1. Overview
1.概述
In Kafka, consumers read messages from partitions. While reading messages, there are some concerns to consider, like determining which messages to read from the partitions or, preventing duplicate message reading or message loss in case of failure. The solution to these concerns is the use of offsets.
在Kafka中,消费者从分区读取消息。在读取消息时,需要考虑一些问题,例如确定从分区读取哪些消息,或者防止重复读取消息或在出现故障时丢失消息。解决这些问题的方法就是使用偏移量。
In this tutorial, we’ll learn about offsets in Kafka. We’ll see how to commit offsets to manage message consumption and discuss its methods and drawbacks.
在本教程中,我们将学习 Kafka 中的偏移量。我们将了解如何提交偏移量来管理消息消耗,并讨论其方法和缺点。
2. What Is Offset?
2.什么是抵消?
We know that Kafka stores messages in topics, and each topic can have multiple partitions. Each consumer reads messages from one partition of a topic. Here, Kafka, with the help of offsets, keeps track of the messages that consumers read. Offsets are integers starting from zero that increment by one as the message gets stored.
我们知道,Kafka 将消息存储在主题中,每个主题可以有多个分区。每个消费者从一个主题的一个分区中读取消息。在这里,Kafka 借助偏移量来跟踪消费者读取的消息。偏移量是一个从零开始的整数,随着消息被存储,偏移量会以一为单位递增。
Let’s say one consumer has read five messages from a partition. Then, based on configuration, Kafka marks the offset till 4 as committed(zero-based sequence). The consumer consumes messages with offsets 5 onwards the next time it attempts to read messages.
假设一个消费者从一个分区读取了五条消息。然后,根据配置,Kafka 将直到 4 的偏移量标记为已提交(基于零的序列)。消费者下次尝试读取消息时,就会消耗偏移量为5以后的消息。
Without offsets, there is no way to avoid duplicate processing or data loss. That’s why it’s so crucial.
没有偏移,就无法避免重复处理或数据丢失。这就是它如此重要的原因。
We can make an analogy with database storage. In a database, we commit after executing SQL statements to persist the changes. In the same way, after reading from the partition, we commit offsets to mark the position of the processed message.
我们可以将其与数据库存储进行类比。在数据库中,我们在执行 SQL 语句后提交,以持久保存更改。同样,从分区读取信息后,我们要提交偏移量,以标记已处理信息的位置。
3. Ways to Commit Offsets
3.承诺抵消的方式
There are four ways to commit offsets. We’ll look at each in detail and discuss their use cases, advantages, and disadvantages.

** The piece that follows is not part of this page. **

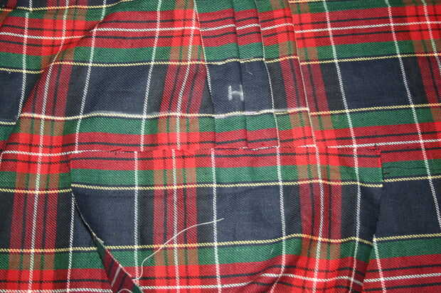 2) decidir sobre el patrón de pliegues y bajo ancho de pliegue. Usted tiene que decidir cómo ancho desea los pliegues, y la profundidad que desea. Quería los pliegues finales seguirá el patrón de la tartan (ver la tercera foto abajo). También quería estrechos pliegues. En este tartán, el patrón había repetido cada 4-1/8 pulgadas. Finalmente decidí que utilizaría 1/4 º del patrón, o 1-1/32 pulgadas, mi anchura del pliegue, y 1 completo del patrón como el bajo ancho de pliegue, igualando 5-5/32 pulgadas por pliegue. Así que toma 5-5/32 pulgadas de tela para ampliar la falda 1-1/32 pulgadas alrededor de la cadera.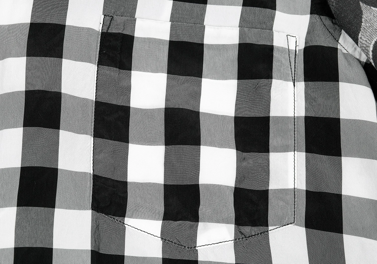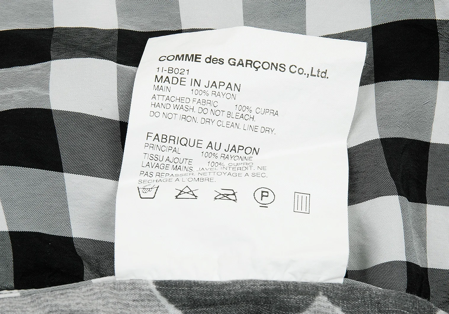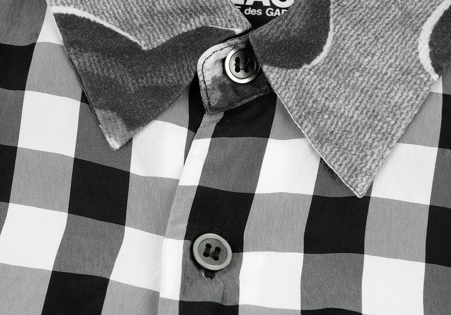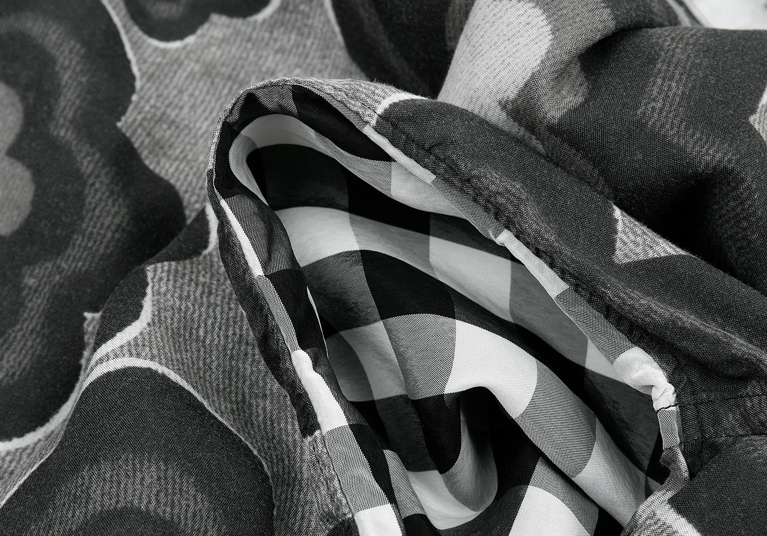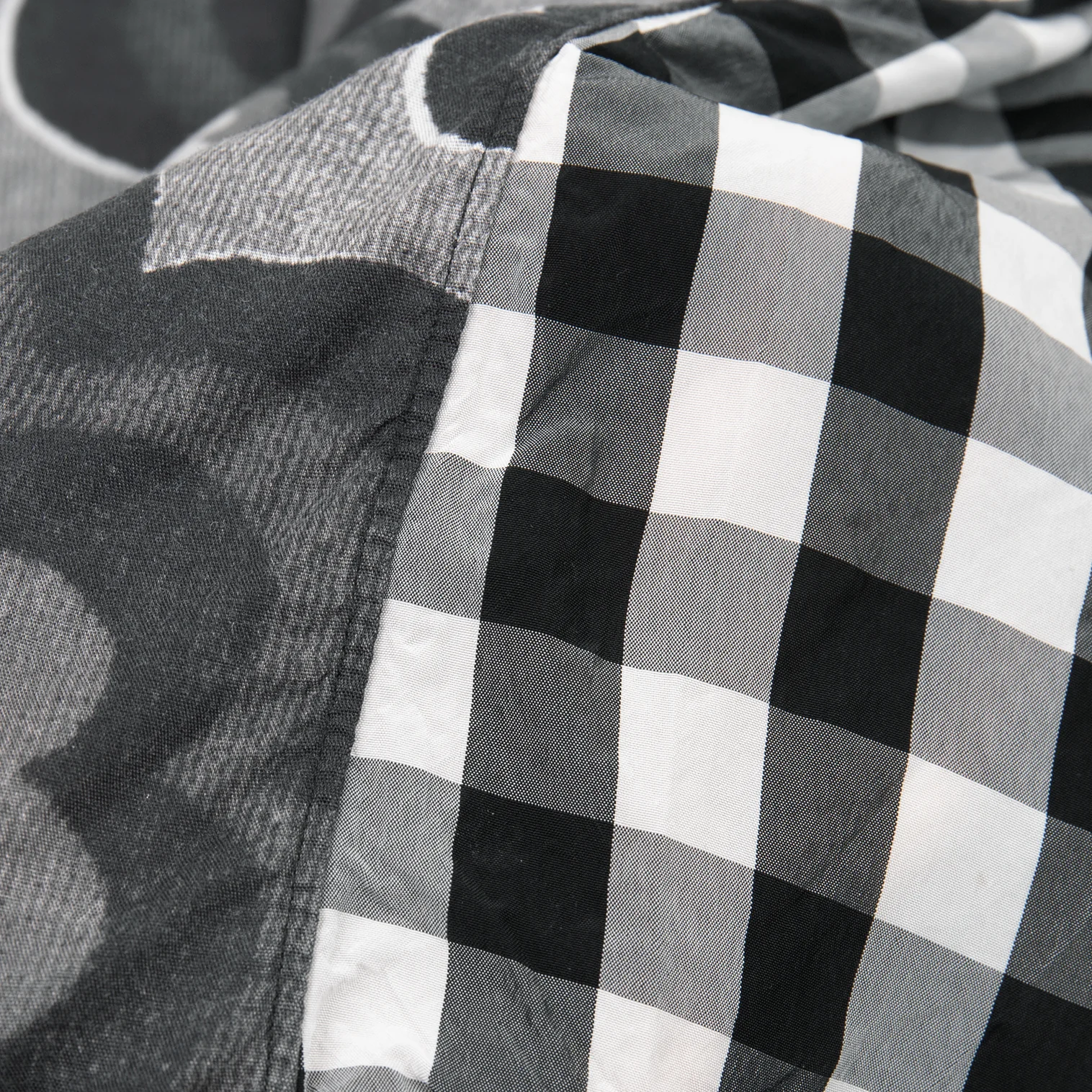 ブラックコムデギャルソンBLACK COMME des GARCONS 異素材チェック切り替えフラワープリント半袖シャツ 黒XS

我们将详细介绍每种方法,并讨论它们的用例、优点和缺点。
Let’s start by adding the Kafka Client API dependency in the pom.xml:
首先,让我们在 pom.xml 中添加 Kafka 客户端 API 依赖关系:
<dependency>
<groupId>org.apache.kafka</groupId>
<artifactId>kafka-clients</artifactId>
<version>3.6.1</version>
</dependency>
3.1. Auto Commit
3.1.自动提交
This is the simplest way to commit offsets. Kafka, by default, uses auto-commit – at every five seconds it commits the largest offset returned by the poll() method. poll() returns a set of messages with a timeout of 10 seconds, as we can see in the code:
这是提交偏移量的最简单方法。默认情况下,Kafka 使用自动提交功能–每五秒提交一次 poll() 方法返回的最大偏移量。poll()返回一组消息,超时时间为10秒,正如我们在代码中看到的那样:
KafkaConsumer<Long, String> consumer = new KafkaConsumer<>(props);
consumer.subscribe(KafkaConfigProperties.getTopic());
ConsumerRecords<Long, String> messages = consumer.poll(Duration.ofSeconds(10));
for (ConsumerRecord<Long, String> message : messages) {
// processed message
}
The problem with auto-commit is that there is a very high chance of data loss in case of application failure. When poll() returns the messages, Kafka may commit the largest offset before processing messages.
自动提交的问题在于,如果应用程序发生故障,数据丢失的几率非常高。当 poll() 返回消息时,Kafka 可能会在处理消息之前提交最大偏移量。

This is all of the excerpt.